Her coaching journey has been predominantly historic. In 2023, she became the first woman to serve as assistant coach of a men’s Bundesliga side, working under Marco Grote at Union Berlin. In 2024, she again made history by briefly taking charge of a men’s Bundesliga match during a suspension, being the first woman ever to do so.


Then, to much media attention, on 11 April 2026, following the dismissal of Steffen Baumgart, Eta was appointed interim head coach of Union Berlin’s men’s team. In doing so, she became the first woman to manage a team not only in the Bundesliga, but across Europe’s top five leagues.


Her first match ended in defeat to Wolfsburg, but the performance told a different story. Union posted an xG of 1.79 compared to Wolfsburg’s 0.19, recorded 25 shots to 5, and created three big chances to none. On paper, it was a game that reflected control, chance creation, even if the result didn’t follow.


The Reality Beyond the Pitch


To no surprise, Eta’s appointment was met not only with attention, but with an immediate wave of misogynistic and sexist abuse.


There is a particular psychological weight that comes with watching history unfold when you already understand what follows it. When you belong to a group that is routinely discriminated against, whether through gender, sexuality, race, religion or otherwise, there is often a quiet, anticipatory awareness that achievement will not be received neutrally. That success will be followed, almost inevitably, by scrutiny that is not equally distributed.


Photo Credit: Getty Images
Photo Credit: Getty Images

In football, that dynamic is especially visible. The sport is built on legacy, competition, and identity, but increasingly, it’s also shaped by online culture where abuse becomes immediate, loud, and disproportionately targeted. It is not that men are exempt from criticism or hate; they are not, but what differentiates cases like Eta’s is the basis of that response is not performance, not tactics, not results, but identity itself.


There is a great contrast between reacting to defeat as a male manager and reacting to defeat as a female manager in a male-dominated space. One is critique, and the other is structural prejudice.

It is difficult, in moments like this, not to experience a dual reaction: celebration at the historic appointment, followed almost immediately by awareness of what will come next, and that’s not because it’s surprising, but because it is predictable.


Club Response & Cultural Shift


Union Berlin has notably taken an unusually direct position in response to online abuse.

Rather than distancing themselves or issuing standard statements, the club have actively confronted hateful commentary online, including responses such as “sincerely, shut the **** up” and “I don’t want this loser on our page.” Albeit unconventional, but it signals a refusal to treat abuse as something to be passively moderated rather than directly challenged.


Platforms such as The Touchline on X have also amplified criticism, with posts framing Eta’s debut in reductive terms.

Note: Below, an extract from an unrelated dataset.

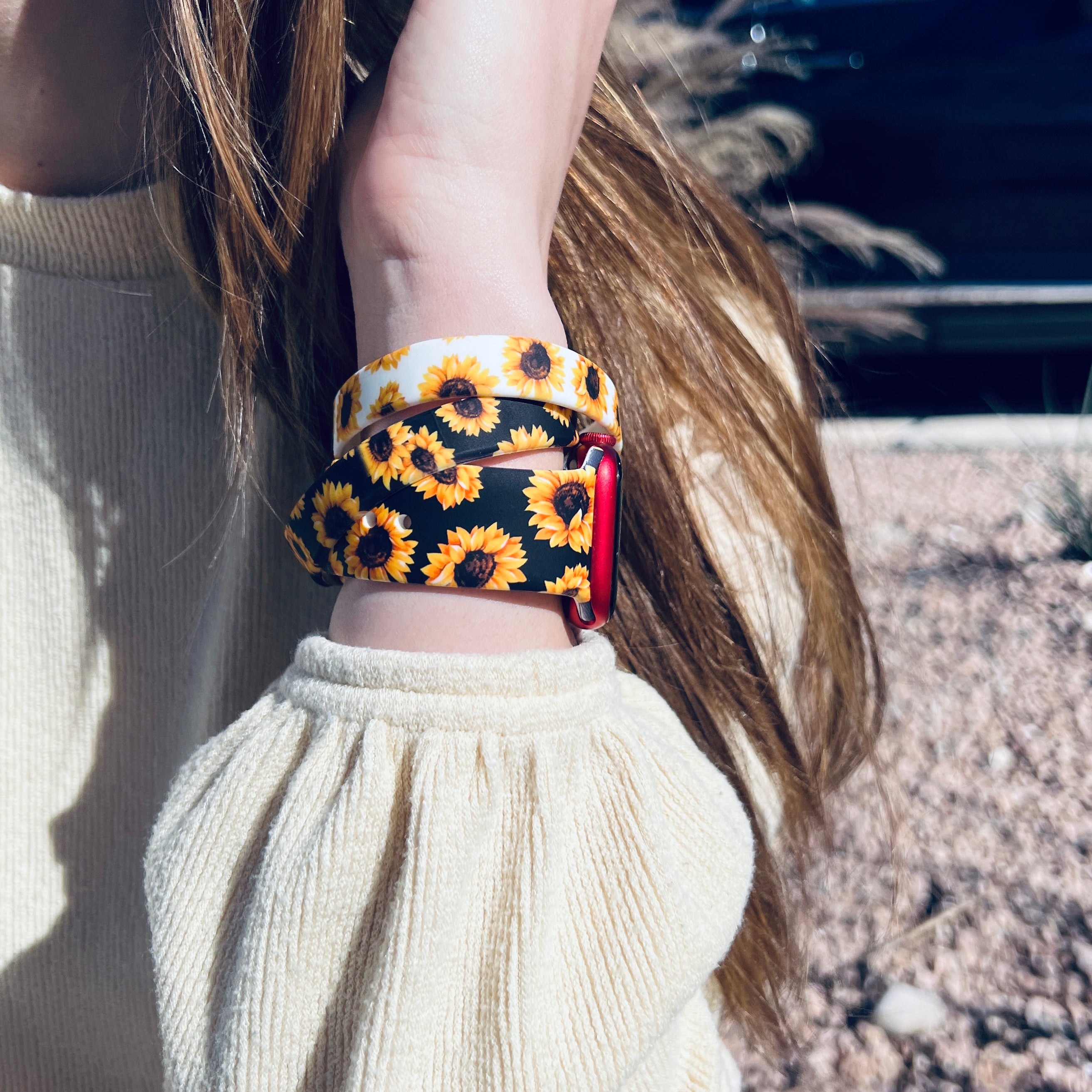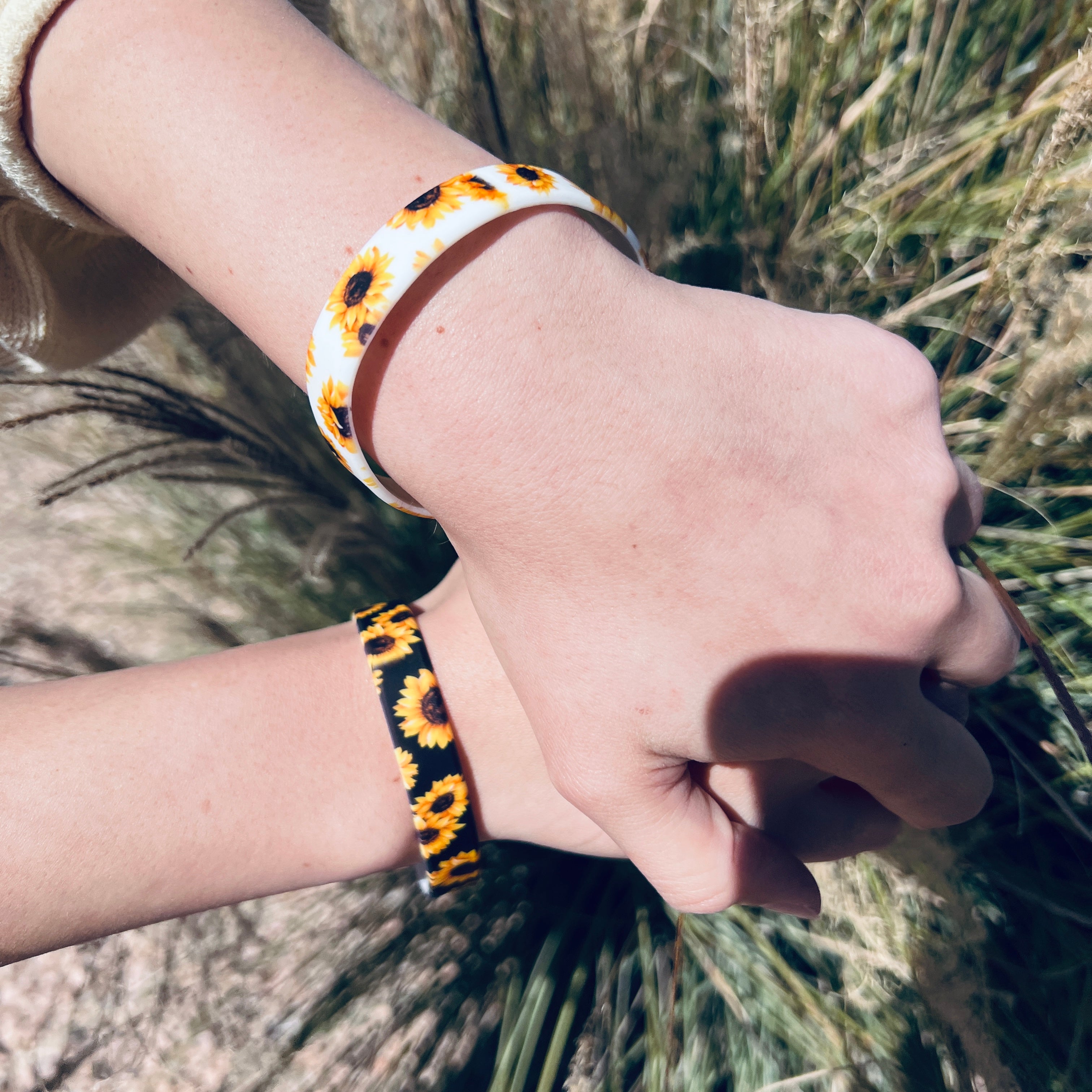 La pulsera de silicona de girasol se apila en dos colores disponibles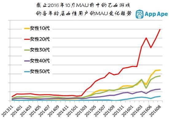 由圖表可以看出2013年11月-2016年8月中,乙女向的玩家規模增長超過13倍,其中以20多歲的玩家(紅線)增加的速度最快,竟高達21倍。

With over 1.5 million followers, the responsibility of these platforms becomes more significant, not only in what is said, but in what is normalised.




Against this backdrop, Union’s public positionality matters. It is not passive allyship, but instead is active defence of not just Eta, but of women in coaching, and of what her appointment represents beyond one club or one match.


The club have also confirmed that Eta’s role is interim, as she is set to transition into the women’s head coach position next season. In their words, retaining her in the men’s role long-term would be a “disservice to women’s football”.  


The Bigger Picture


What’s happening with Marie-Louise Eta is about way more than just tactics, it’s about how the system reacts when things actually change. It’s easy to celebrate ‘firsts’ in theory, but when it happens, the backlash is almost instant. 


Photo Credit: AP Photo/Ebrahim Noroozi)
Photo Credit: AP Photo/Ebrahim Noroozi)

Marie-Louise, alongside Union Berlin, is proving to every young girl and woman that this journey is possible for you - these doors are here to be opened. Union Berlin next play this Friday, against RB Leipzig in what will be a tough fight due to Leipzig's position in the table, being top 3. 


But moments like this aren’t just about results, but about shifting what feels possible.